## 1. Setup and Data Loading

In [None]:
import sys
sys.path.append('../')

import numpy as np
import pandas as pd
import matplotlib.pyplot as plt
import seaborn as sns
import cv2
from pathlib import Path
import json

# Import project modules
from data_analysis.parser import BDD100KParser
from data_analysis.analysis import BDD100KAnalyzer
from data_analysis.visualize import BDD100KVisualizer

# Set style
sns.set_style('whitegrid')
plt.rcParams['figure.figsize'] = (12, 8)

print("âœ… Imports successful!")

In [None]:
# Define paths
TRAIN_JSON = '../data/bdd100k/labels/det_20/det_train.json'
VAL_JSON = '../data/bdd100k/labels/det_20/det_val.json'
TRAIN_IMAGES = '../data/bdd100k/images/100k/train'
VAL_IMAGES = '../data/bdd100k/images/100k/val'

# Check if files exist
print(f"Train JSON exists: {Path(TRAIN_JSON).exists()}")
print(f"Val JSON exists: {Path(VAL_JSON).exists()}")

## 2. Data Parsing

In [None]:
# Parse training data
parser = BDD100KParser(TRAIN_JSON)
train_data = parser.parse_all()

# Get basic statistics
stats = parser.get_statistics()

print("\n=== Dataset Statistics ===")
print(f"Total Images: {stats['total_images']}")
print(f"Total Objects: {stats['total_objects']}")
print(f"Avg Objects per Image: {stats['avg_objects_per_image']:.2f}")
print(f"Empty Images: {stats['empty_images']}")

In [None]:
# Display class distribution
class_dist = stats['class_distribution']
df_classes = pd.DataFrame(list(class_dist.items()), columns=['Class', 'Count'])
df_classes = df_classes.sort_values('Count', ascending=False)

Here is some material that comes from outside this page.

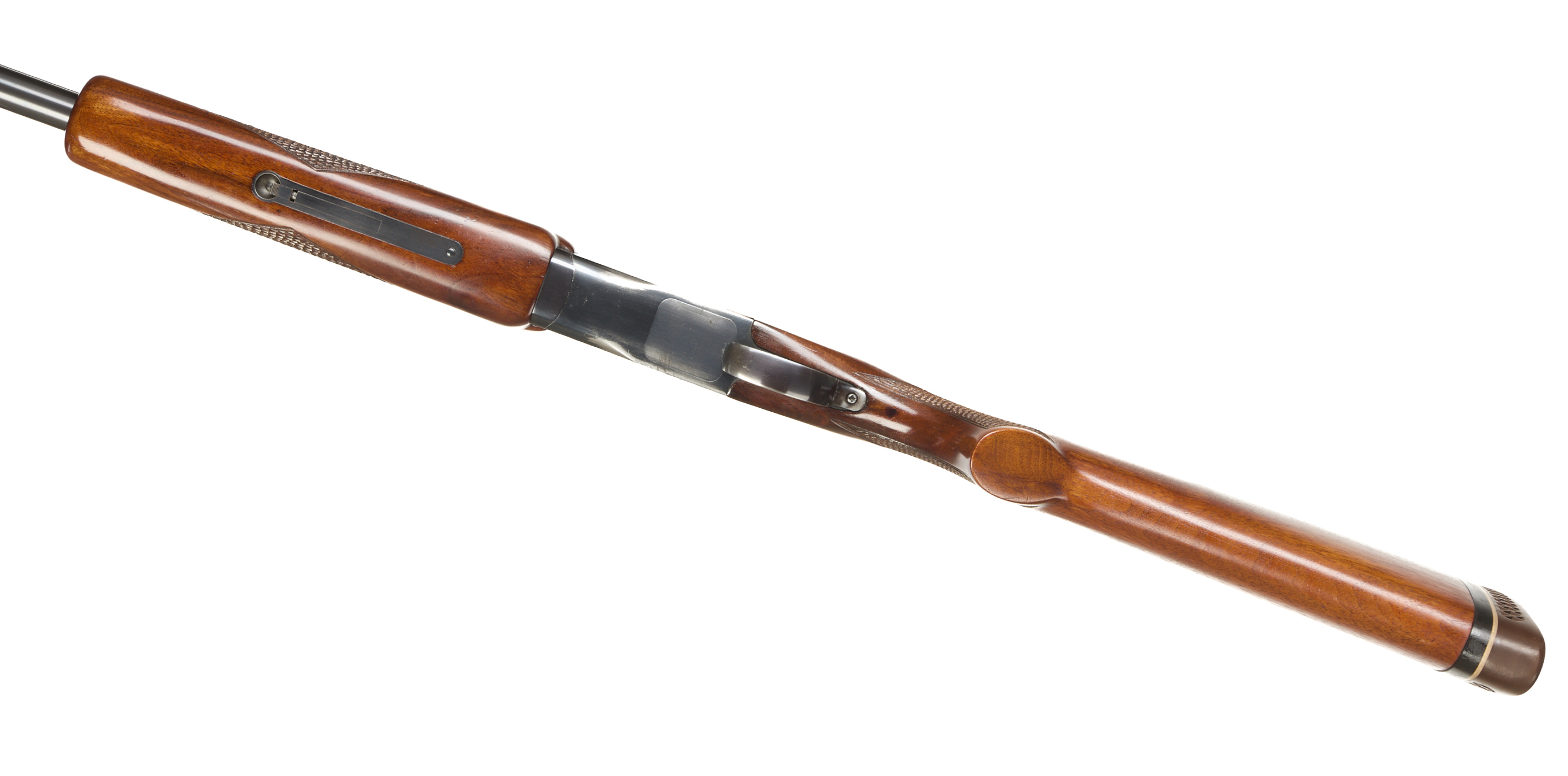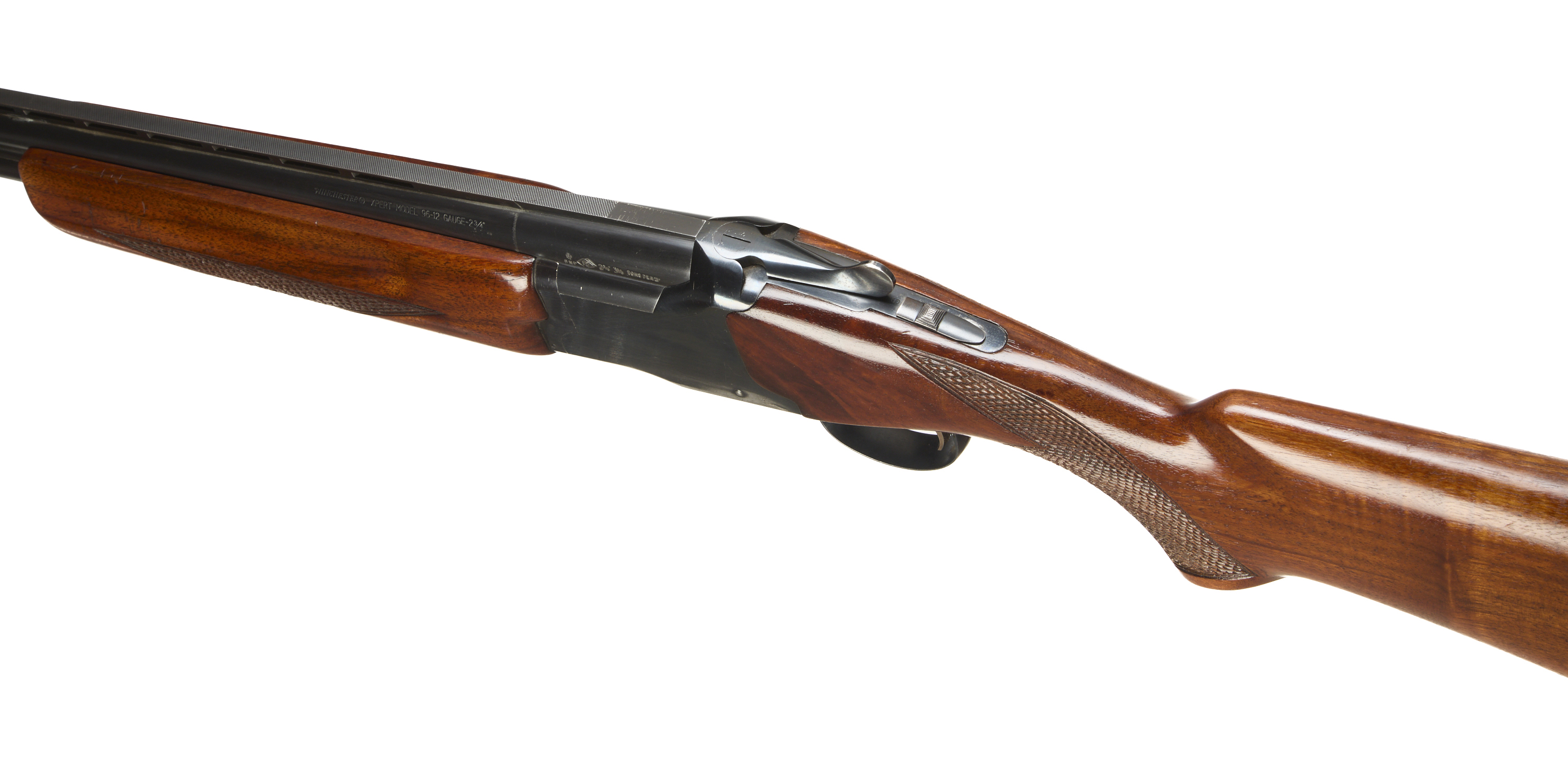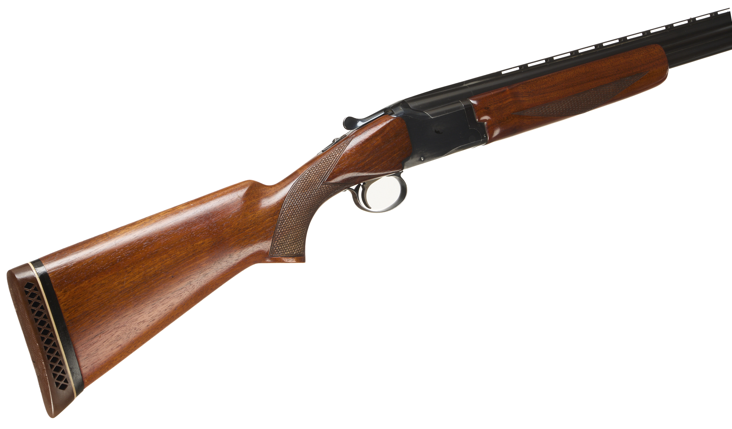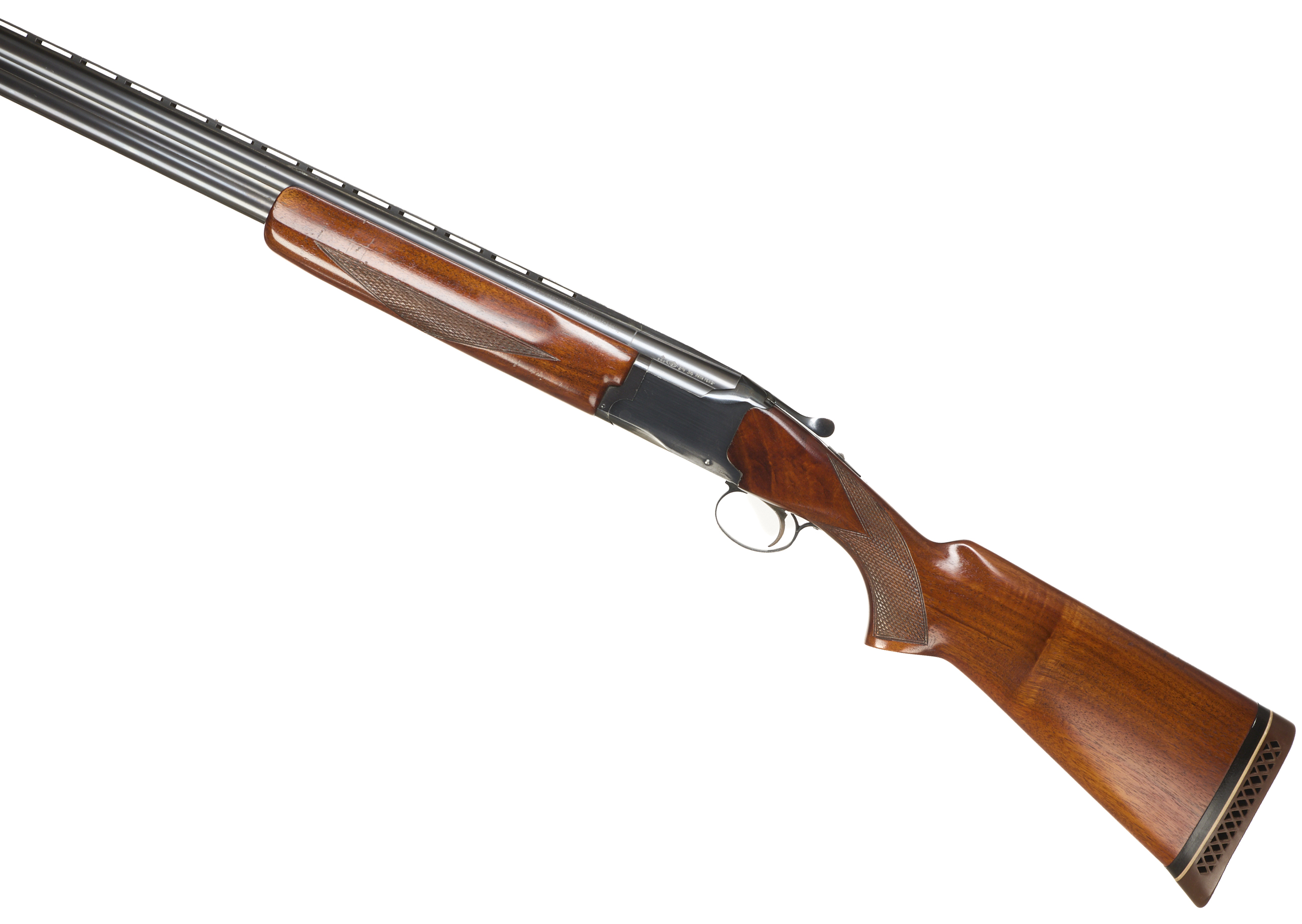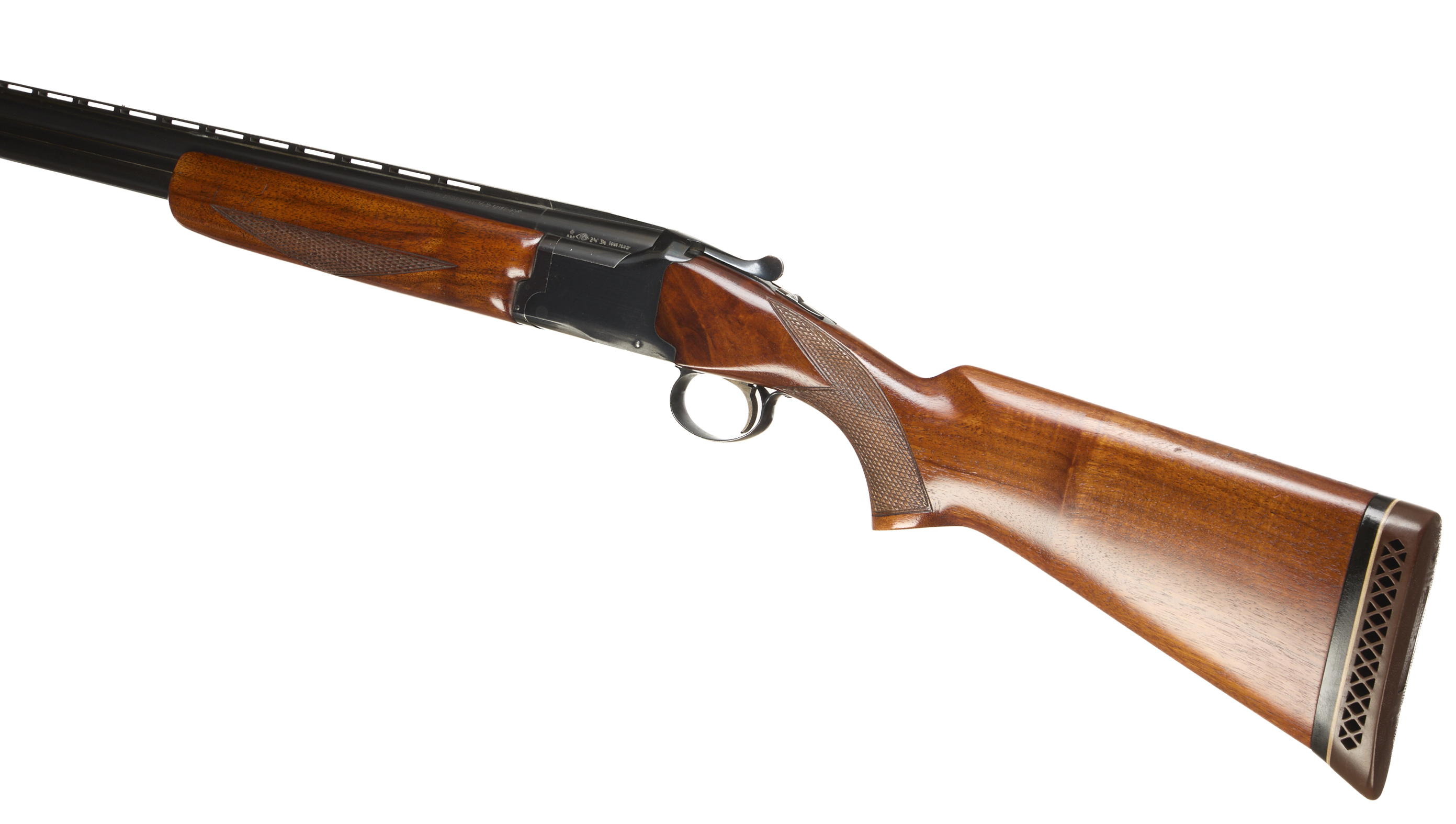 Ventilated butt pad, chequered semi-pistol grip and forend, ventilated top rib. Unadorned action. Faded gold wash trigger, integrated barrel selector (selective single trigger) and safety.

plt.figure(figsize=(12, 6))
sns.barplot(data=df_classes, x='Class', y='Count', palette='viridis')
plt.title('Class Distribution in Training Set', fontsize=16, fontweight='bold')
plt.xlabel('Object Class', fontsize=12)
plt.ylabel('Count', fontsize=12)
plt.xticks(rotation=45, ha='right')
plt.tight_layout()
plt.show()

df_classes

## 3. Full Analysis

In [None]:
# Run comprehensive analysis
analyzer = BDD100KAnalyzer(TRAIN_JSON, VAL_JSON)
results = analyzer.run_full_analysis()

# Print summary
analyzer.print_summary()

In [None]:
# Visualize objects per image distribution
opi = results['objects_per_image']

train_dist = opi['train']['distribution']
max_objects = max(train_dist.keys())

counts = [train_dist.get(i, 0) for i in range(max_objects + 1)]

plt.figure(figsize=(14, 6))
plt.bar(range(len(counts)), counts, alpha=0.7, color='steelblue')
plt.xlabel('Number of Objects per Image', fontsize=12)
plt.ylabel('Number of Images', fontsize=12)
plt.title('Distribution of Objects per Image', fontsize=16, fontweight='bold')
plt.grid(axis='y', alpha=0.3)
plt.tight_layout()
plt.show()

## 4. Sample Image Visualization

In [None]:
# Select a random sample with objects
samples_with_objects = [img for img in train_data if img['num_objects'] > 5]
sample = np.random.choice(samples_with_objects)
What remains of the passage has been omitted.